>>>>>

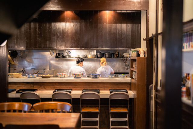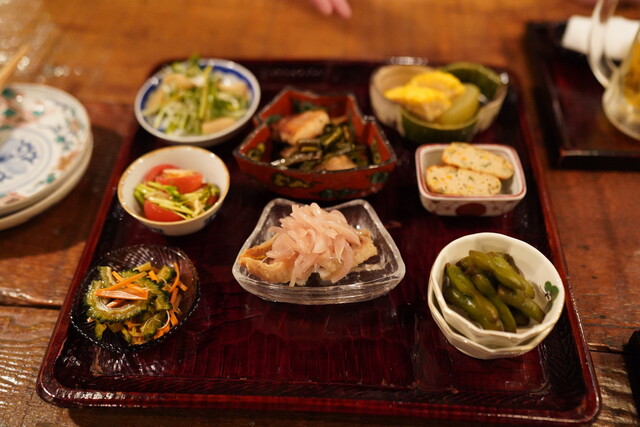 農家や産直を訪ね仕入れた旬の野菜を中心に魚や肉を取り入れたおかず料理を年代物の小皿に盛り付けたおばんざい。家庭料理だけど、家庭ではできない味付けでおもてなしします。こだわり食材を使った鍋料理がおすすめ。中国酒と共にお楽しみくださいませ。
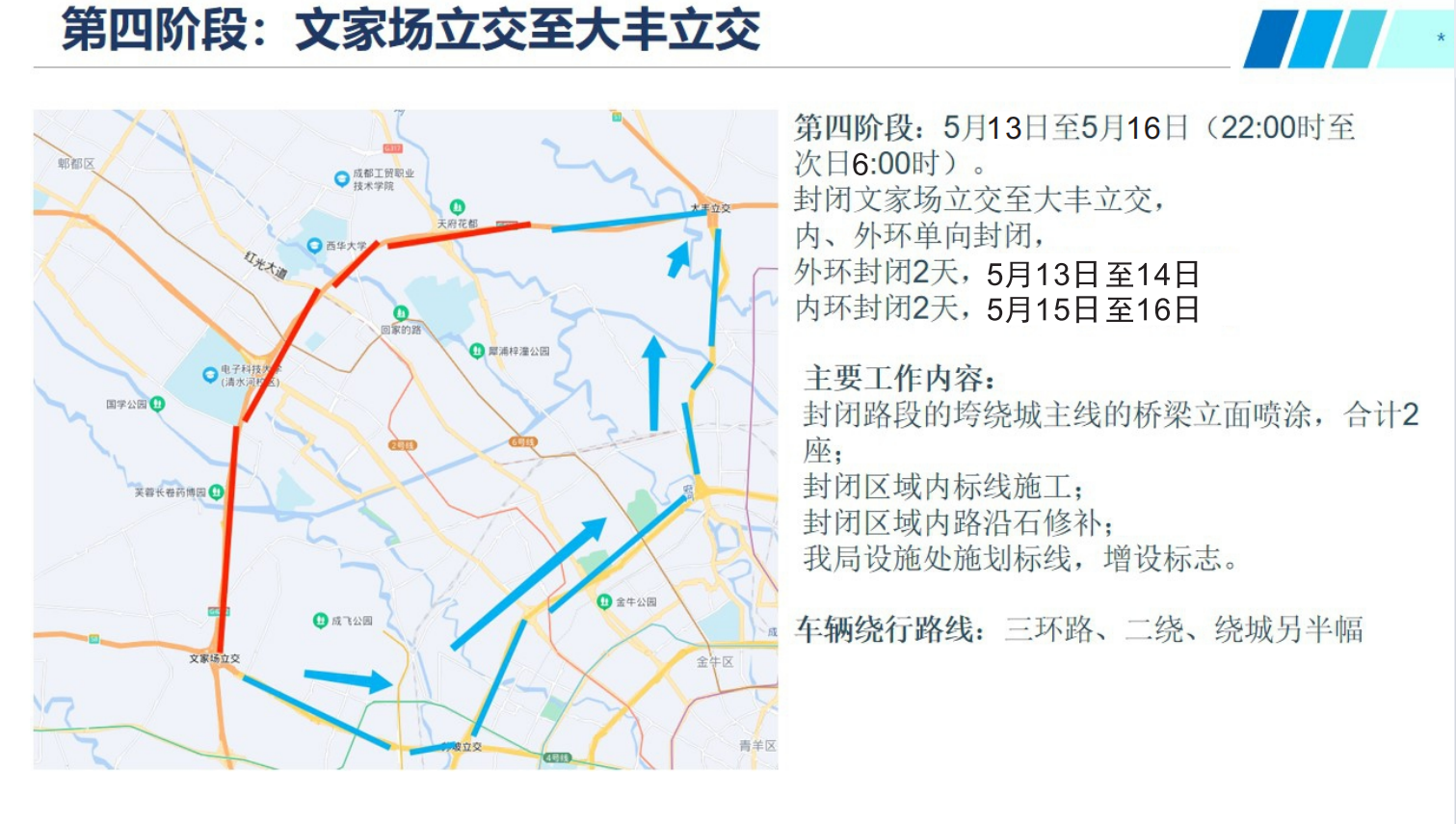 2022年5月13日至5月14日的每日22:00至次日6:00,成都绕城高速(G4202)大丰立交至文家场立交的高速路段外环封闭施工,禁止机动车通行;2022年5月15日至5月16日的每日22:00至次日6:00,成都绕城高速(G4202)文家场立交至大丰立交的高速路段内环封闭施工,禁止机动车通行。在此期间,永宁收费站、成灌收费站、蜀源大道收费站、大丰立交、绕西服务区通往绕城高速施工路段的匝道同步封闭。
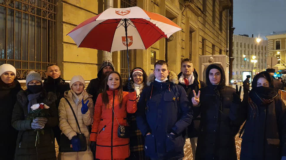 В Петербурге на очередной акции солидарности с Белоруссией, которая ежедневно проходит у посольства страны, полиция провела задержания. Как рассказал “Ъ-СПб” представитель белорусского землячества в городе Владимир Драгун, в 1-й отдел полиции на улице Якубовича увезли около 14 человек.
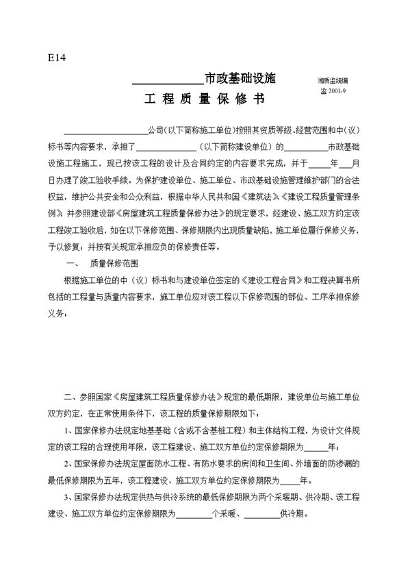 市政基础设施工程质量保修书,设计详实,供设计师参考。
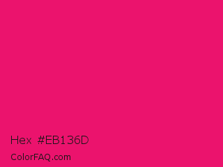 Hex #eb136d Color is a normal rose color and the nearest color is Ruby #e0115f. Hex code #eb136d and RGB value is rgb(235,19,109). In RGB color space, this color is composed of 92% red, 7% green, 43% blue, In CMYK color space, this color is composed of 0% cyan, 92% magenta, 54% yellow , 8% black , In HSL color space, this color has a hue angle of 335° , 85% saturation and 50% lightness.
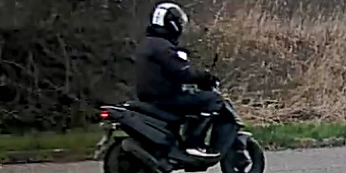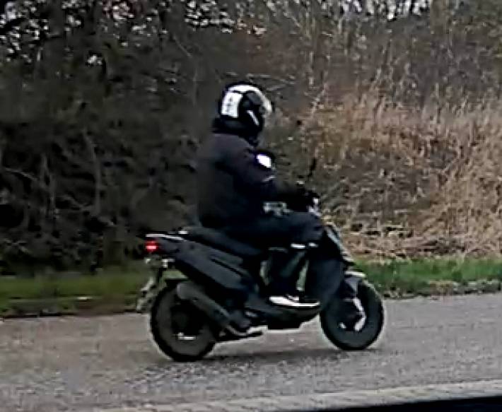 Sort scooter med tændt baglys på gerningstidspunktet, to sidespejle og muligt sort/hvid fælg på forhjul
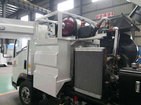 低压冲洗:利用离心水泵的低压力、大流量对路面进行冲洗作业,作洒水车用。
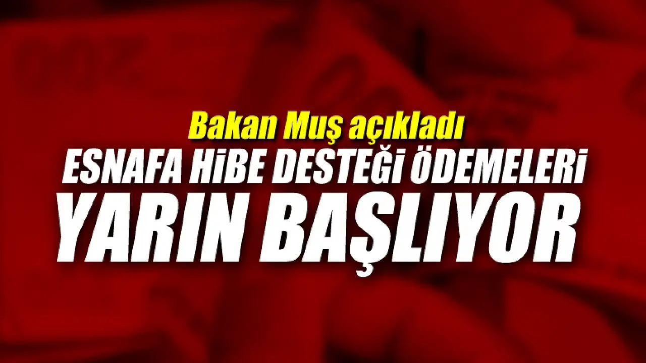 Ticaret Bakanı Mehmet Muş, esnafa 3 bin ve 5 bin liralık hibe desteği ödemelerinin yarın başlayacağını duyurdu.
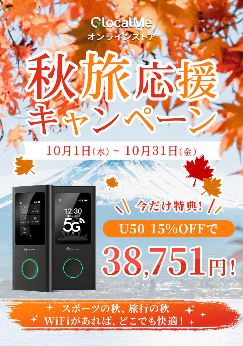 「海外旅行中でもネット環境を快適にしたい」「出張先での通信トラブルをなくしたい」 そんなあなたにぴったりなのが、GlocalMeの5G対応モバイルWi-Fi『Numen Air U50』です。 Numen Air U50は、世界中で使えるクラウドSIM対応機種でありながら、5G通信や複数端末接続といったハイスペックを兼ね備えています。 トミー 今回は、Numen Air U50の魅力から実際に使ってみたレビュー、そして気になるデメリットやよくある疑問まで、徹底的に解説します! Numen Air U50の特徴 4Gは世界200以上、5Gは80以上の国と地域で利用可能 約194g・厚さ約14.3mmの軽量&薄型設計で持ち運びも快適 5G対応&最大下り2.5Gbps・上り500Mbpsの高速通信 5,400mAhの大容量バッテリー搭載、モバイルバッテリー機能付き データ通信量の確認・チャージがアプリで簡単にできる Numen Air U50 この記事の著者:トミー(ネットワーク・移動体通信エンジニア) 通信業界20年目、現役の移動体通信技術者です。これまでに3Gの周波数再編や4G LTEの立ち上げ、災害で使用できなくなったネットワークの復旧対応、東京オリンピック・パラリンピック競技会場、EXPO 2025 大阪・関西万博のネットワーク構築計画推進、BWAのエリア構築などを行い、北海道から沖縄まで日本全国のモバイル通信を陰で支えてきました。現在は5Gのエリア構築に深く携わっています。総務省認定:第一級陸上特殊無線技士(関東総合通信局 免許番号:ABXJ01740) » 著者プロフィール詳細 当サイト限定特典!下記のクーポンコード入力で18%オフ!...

<<<<<

• _YOUR ASSIGNMENT_
Go through the records above and write out every line exactly, passing over the pictures.

• _ANSWER AREA_
 農家や産直を訪ね仕入れた旬の野菜を中心に魚や肉を取り入れたおかず料理を年代物の小皿に盛り付けたおばんざい。家庭料理だけど、家庭ではできない味付けでおもてなしします。こだわり食材を使った鍋料理がおすすめ。中国酒と共にお楽しみくださいませ。
 2022年5月13日至5月14日的每日22:00至次日6:00,成都绕城高速(G4202)大丰立交至文家场立交的高速路段外环封闭施工,禁止机动车通行;2022年5月15日至5月16日的每日22:00至次日6:00,成都绕城高速(G4202)文家场立交至大丰立交的高速路段内环封闭施工,禁止机动车通行。在此期间,永宁收费站、成灌收费站、蜀源大道收费站、大丰立交、绕西服务区通往绕城高速施工路段的匝道同步封闭。
 В Петербурге на очередной акции солидарности с Белоруссией, которая ежедневно проходит у посольства страны, полиция провела задержания. Как рассказал “Ъ-СПб” представитель белорусского землячества в городе Владимир Драгун, в 1-й отдел полиции на улице Якубовича увезли около 14 человек.
 市政基础设施工程质量保修书,设计详实,供设计师参考。
 Hex #eb136d Color is a normal rose color and the nearest color is Ruby #e0115f. Hex code #eb136d and RGB value is rgb(235,19,109). In RGB color space, this color is composed of 92% red, 7% green, 43% blue, In CMYK color space, this color is composed of 0% cyan, 92% magenta, 54% yellow , 8% black , In HSL color space, this color has a hue angle of 335° , 85% saturation and 50% lightness.
 Sort scooter med tændt baglys på gerningstidspunktet, to sidespejle og muligt sort/hvid fælg på forhjul
 低压冲洗:利用离心水泵的低压力、大流量对路面进行冲洗作业,作洒水车用。
 Ticaret Bakanı Mehmet Muş, esnafa 3 bin ve 5 bin liralık hibe desteği ödemelerinin yarın başlayacağını duyurdu.
 「海外旅行中でもネット環境を快適にしたい」「出張先での通信トラブルをなくしたい」 そんなあなたにぴったりなのが、GlocalMeの5G対応モバイルWi-Fi『Numen Air U50』です。 Numen Air U50は、世界中で使えるクラウドSIM対応機種でありながら、5G通信や複数端末接続といったハイスペックを兼ね備えています。 トミー 今回は、Numen Air U50の魅力から実際に使ってみたレビュー、そして気になるデメリットやよくある疑問まで、徹底的に解説します! Numen Air U50の特徴 4Gは世界200以上、5Gは80以上の国と地域で利用可能 約194g・厚さ約14.3mmの軽量&薄型設計で持ち運びも快適 5G対応&最大下り2.5Gbps・上り500Mbpsの高速通信 5,400mAhの大容量バッテリー搭載、モバイルバッテリー機能付き データ通信量の確認・チャージがアプリで簡単にできる Numen Air U50 この記事の著者:トミー(ネットワーク・移動体通信エンジニア) 通信業界20年目、現役の移動体通信技術者です。これまでに3Gの周波数再編や4G LTEの立ち上げ、災害で使用できなくなったネットワークの復旧対応、東京オリンピック・パラリンピック競技会場、EXPO 2025 大阪・関西万博のネットワーク構築計画推進、BWAのエリア構築などを行い、北海道から沖縄まで日本全国のモバイル通信を陰で支えてきました。現在は5Gのエリア構築に深く携わっています。総務省認定:第一級陸上特殊無線技士(関東総合通信局 免許番号:ABXJ01740) » 著者プロフィール詳細 当サイト限定特典!下記のクーポンコード入力で18%オフ!...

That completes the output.